Off My Bookshelf: Attachments




Oh but I wanted to love this book so badly you don't even know.

Eleanor and Park is one of my favourite love stories; Fangirl made me so happy; Landline is a freaking delight of a book; and let's not even get started on Carry On and Wayward Son. I had ridic high hopes for this. So high in fact, that I don't even know why it took me so long to read it and now I am sad that I did because my hopes have been dashed.

Here's the thing. Rainbow Rowell is a good writer, that is a fact that remains. This book is well written, it's set in 1999 which is fantastic because Rowell does this kind of setting so well and there's a certain kind of nostalgia about reading about that time that I am so here for - we're so fully immersed in the internet now that it's hard to remember life before it and this book is a lush little reminder. Also, her characterisation, as always is really really good. Jennifer and Beth, the two female leads in this book are glorious because they are funny and honest and emotional and they feel real. My best friend and I have exchanged emails that are so similar to the emails Jennifer and Beth have exchanged; these two characters felt relatable to, like people you recognise, could be friends with, could be, and that's always always a thing I've loved about Rowell's writing, the way she makes you feel that way about her characters.
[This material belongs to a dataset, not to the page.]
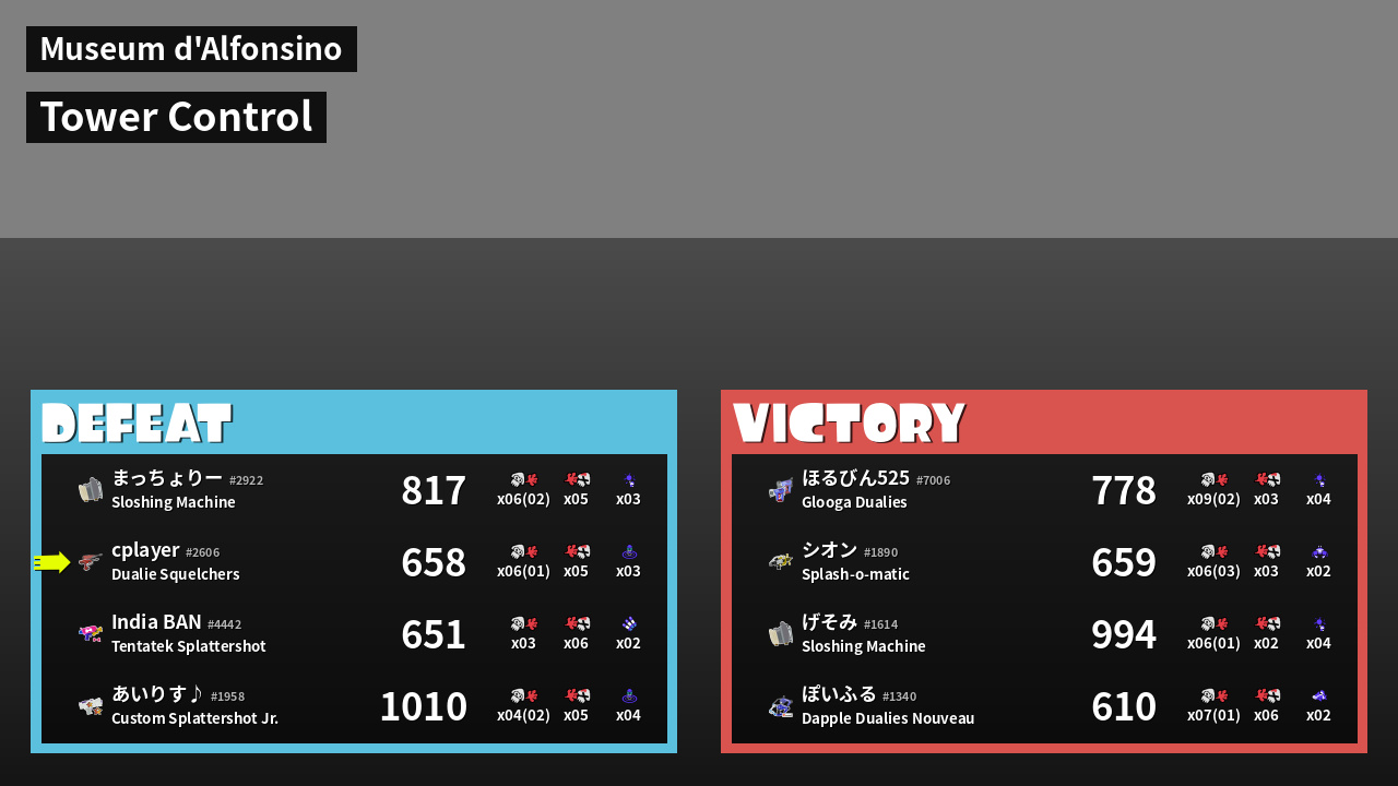 Results of cplayer's Battle

Jennifer and Beth's story is funny and engaging and I liked it, but sadly that story alone is not enough to make this book onto the 5 star shelf with Rowell's other work.

Because Lincoln.

Lincoln is the 'romantic' lead, inverted commas required. The nerdy IT guy who's job it is to read any emails that are flagged up at the company the girls work for, and if need be, issue a warning. Basically it's to stop people using the company email for personal use, or like you know, sharing confidential information pertaining to the business (which is a newspaper but that is by the by). Jennifer and Beth's emails get flagged up a lot as you would expect in 1999 when people used work email instead of Whatsapp but he doesn't warn them that their emails are going to him and that they're breaking protocol and to stop, like he should, because they seem nice and their emails are interesting and he's becoming invested in their lives because he's reading their emails oh and also he thinks he's falling for one of them.

And therein lies my problem with him falling for this girl, he is reading her emails. 
And she doesn't know.
She assumes he isn't because she knows that if if hrrr emails raised any red flags then she'd be warned about it, and she hasn't been warned about it which can only mean her emails aren't being read and so these two chat to each other as though they're just chatting to each other sharing all kinds of things meant only for each other and all the while some dude is abusing his position and sitting there in the dead of night and reading their emails and it is not cool.
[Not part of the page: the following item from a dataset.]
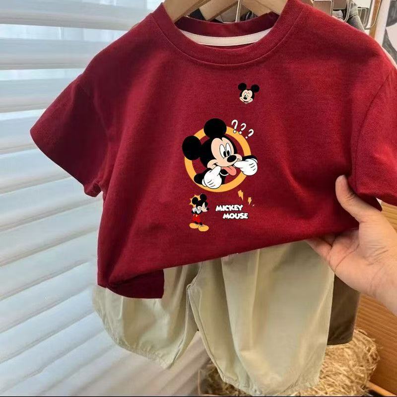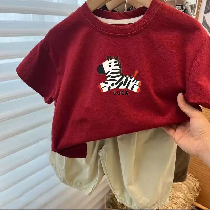 어린이 신작 소년 소녀 순면 반팔 티셔츠 여름 신작 한국식 루즈하고 다재다능한 레드 탑

I have issues with invasion of privacy like that, you'll have to forgive me, but it's creepy.

At one point he goes into her cubicle and noses around, looking at photos and personal stuff and it's creepy.

He starts going to her boyfriend's concerts and at one point comments on how he's spending more time with her boyfriend than she is and it's creepy.

At another point he's reading these emails and getting angry because how can she have this life and find this other guy attractive because what about him he was standing right there . Well, Lincoln, she can, because she doesn't know you because you are reading her emails and she doesn't know and it is very very creepy.

It's a little bit Joe Goldberg from You but without the soundproof glass cage and the killing.



This is not a love story. This is weird obsessive creepy behaviour and if some guy told me he'd been reading my emails for months without me knowing and also following me around and bit and hey let'skiss I would not kiss him. I would run for the hills. Not up them, but for them. Beth does not run anyway away from Lincoln, she runs to him: Beth falls in love with Lincoln too (based might I add, entirely on his appearance, which makes her shallower than I wanted her to be. Sigh).

I just, I am saddened because I love Rainbow Rowell, and I love Jennifer and Beth, but this book, overall, despite being a really easy well-written read, is a nope. I just cannot see the romance in anything Lincoln did and I do not feel that this is the healthy beginning to any relationship and it just made me feel really weird.